**Brief**.
Begin your copy at the line with "Das „Timber Innovation" in the records below and end it at the line with "Met gekleurde strookjes", restating each line word for word; omit the pictures.
BEGIN Excerpted records
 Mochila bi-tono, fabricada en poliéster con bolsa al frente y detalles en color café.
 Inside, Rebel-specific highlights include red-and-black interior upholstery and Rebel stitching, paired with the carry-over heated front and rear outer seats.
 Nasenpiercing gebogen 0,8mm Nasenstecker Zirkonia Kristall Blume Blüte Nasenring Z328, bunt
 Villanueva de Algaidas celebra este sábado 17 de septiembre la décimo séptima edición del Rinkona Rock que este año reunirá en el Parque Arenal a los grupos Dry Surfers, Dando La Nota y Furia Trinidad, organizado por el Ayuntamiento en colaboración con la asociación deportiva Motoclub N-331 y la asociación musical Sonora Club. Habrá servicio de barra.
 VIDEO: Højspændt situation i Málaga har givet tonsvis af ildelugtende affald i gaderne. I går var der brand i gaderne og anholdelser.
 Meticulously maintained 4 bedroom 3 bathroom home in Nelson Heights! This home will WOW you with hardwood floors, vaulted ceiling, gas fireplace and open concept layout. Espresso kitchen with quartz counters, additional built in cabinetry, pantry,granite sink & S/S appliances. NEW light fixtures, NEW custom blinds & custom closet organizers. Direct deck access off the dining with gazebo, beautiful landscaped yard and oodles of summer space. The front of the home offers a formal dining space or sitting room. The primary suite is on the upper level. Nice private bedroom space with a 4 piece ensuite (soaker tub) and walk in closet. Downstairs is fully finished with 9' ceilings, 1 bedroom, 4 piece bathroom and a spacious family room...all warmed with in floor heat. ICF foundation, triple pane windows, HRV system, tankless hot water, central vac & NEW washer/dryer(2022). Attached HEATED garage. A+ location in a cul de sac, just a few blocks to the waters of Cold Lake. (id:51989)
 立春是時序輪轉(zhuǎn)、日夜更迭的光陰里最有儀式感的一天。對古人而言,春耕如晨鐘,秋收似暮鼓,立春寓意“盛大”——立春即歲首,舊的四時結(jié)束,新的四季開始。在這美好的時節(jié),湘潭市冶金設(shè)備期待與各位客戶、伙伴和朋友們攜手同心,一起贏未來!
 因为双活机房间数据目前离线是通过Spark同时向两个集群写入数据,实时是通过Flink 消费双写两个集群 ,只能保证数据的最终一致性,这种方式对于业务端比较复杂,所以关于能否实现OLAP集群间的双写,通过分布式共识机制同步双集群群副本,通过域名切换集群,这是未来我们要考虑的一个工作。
END Excerpted records
BEGIN Excerpted records
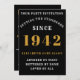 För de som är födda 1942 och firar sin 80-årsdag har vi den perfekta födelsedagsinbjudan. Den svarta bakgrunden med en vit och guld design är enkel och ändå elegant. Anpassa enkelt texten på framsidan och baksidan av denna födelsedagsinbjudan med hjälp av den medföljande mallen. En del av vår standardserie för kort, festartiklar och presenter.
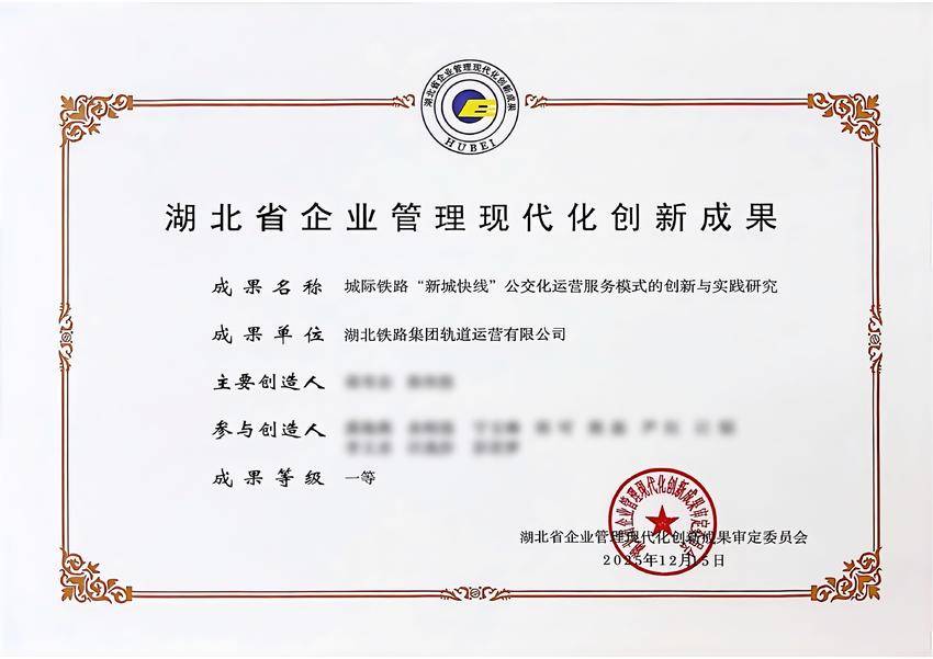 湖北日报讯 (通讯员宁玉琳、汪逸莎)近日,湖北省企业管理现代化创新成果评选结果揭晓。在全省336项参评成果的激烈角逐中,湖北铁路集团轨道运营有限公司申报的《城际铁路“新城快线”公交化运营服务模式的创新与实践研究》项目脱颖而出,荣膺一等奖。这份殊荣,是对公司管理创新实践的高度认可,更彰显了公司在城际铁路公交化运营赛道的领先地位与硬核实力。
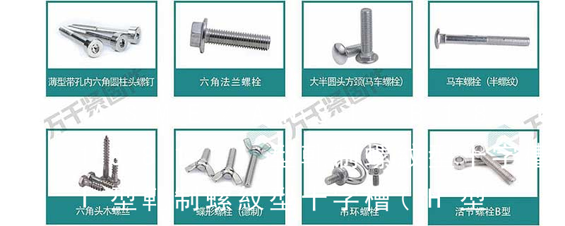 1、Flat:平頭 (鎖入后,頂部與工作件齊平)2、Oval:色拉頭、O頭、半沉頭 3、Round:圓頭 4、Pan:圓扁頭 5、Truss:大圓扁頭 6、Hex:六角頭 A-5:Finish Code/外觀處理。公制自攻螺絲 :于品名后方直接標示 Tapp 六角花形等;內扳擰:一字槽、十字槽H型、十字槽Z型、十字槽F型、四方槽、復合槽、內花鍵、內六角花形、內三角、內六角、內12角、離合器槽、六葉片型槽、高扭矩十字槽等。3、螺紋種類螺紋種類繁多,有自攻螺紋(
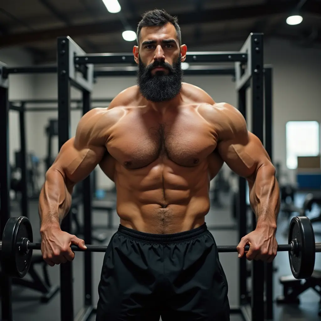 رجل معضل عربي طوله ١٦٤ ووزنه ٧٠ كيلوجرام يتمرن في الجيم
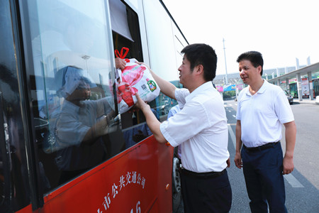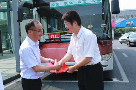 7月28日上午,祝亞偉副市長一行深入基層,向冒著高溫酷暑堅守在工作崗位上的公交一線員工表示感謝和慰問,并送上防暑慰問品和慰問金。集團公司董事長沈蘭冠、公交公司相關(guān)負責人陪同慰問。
END Excerpted records
BEGIN Excerpted records
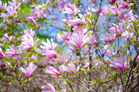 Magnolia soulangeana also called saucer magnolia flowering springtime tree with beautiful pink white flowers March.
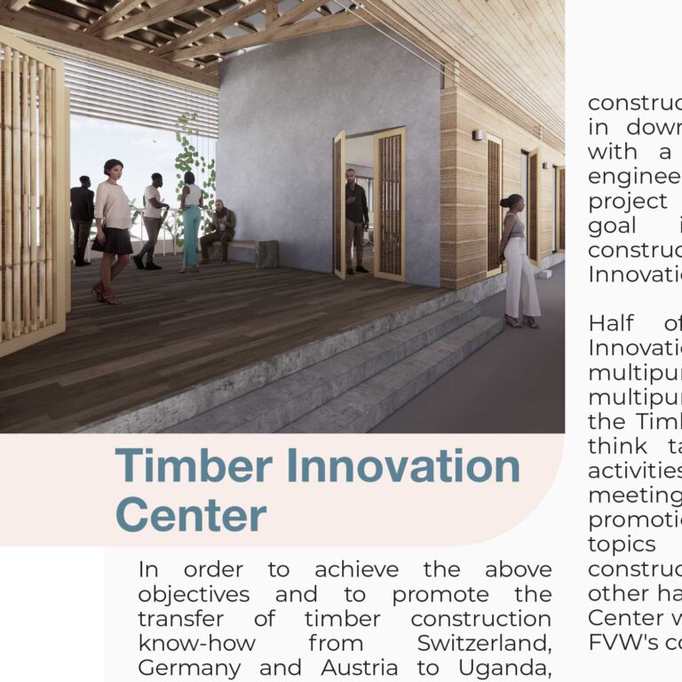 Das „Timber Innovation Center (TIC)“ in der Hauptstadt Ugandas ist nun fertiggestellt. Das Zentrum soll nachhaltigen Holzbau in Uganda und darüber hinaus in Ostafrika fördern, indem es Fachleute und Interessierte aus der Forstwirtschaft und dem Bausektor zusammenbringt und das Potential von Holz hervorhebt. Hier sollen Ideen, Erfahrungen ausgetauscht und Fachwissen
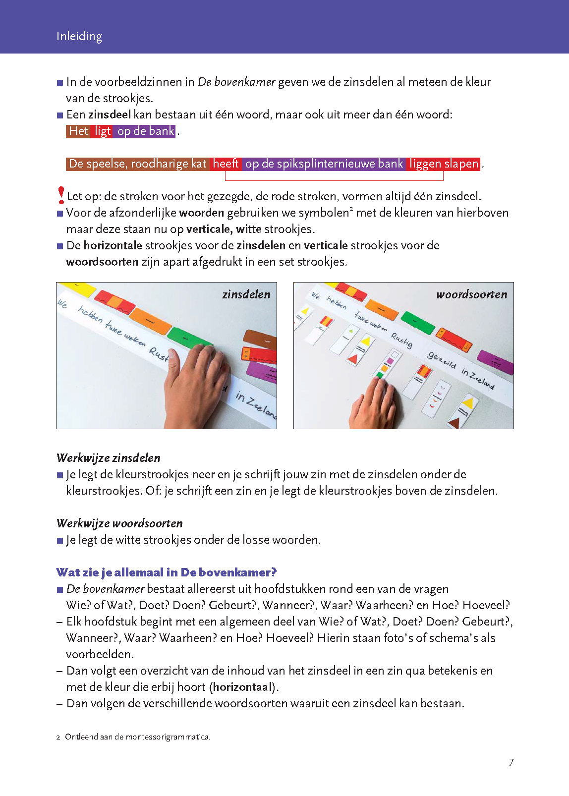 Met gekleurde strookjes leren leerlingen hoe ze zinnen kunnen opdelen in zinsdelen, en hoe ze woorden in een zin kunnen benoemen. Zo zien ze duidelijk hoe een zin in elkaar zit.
END Excerpted records
**Answer space**.
 Das „Timber Innovation Center (TIC)“ in der Hauptstadt Ugandas ist nun fertiggestellt. Das Zentrum soll nachhaltigen Holzbau in Uganda und darüber hinaus in Ostafrika fördern, indem es Fachleute und Interessierte aus der Forstwirtschaft und dem Bausektor zusammenbringt und das Potential von Holz hervorhebt. Hier sollen Ideen, Erfahrungen ausgetauscht und Fachwissen
 Met gekleurde strookjes leren leerlingen hoe ze zinnen kunnen opdelen in zinsdelen, en hoe ze woorden in een zin kunnen benoemen. Zo zien ze duidelijk hoe een zin in elkaar zit.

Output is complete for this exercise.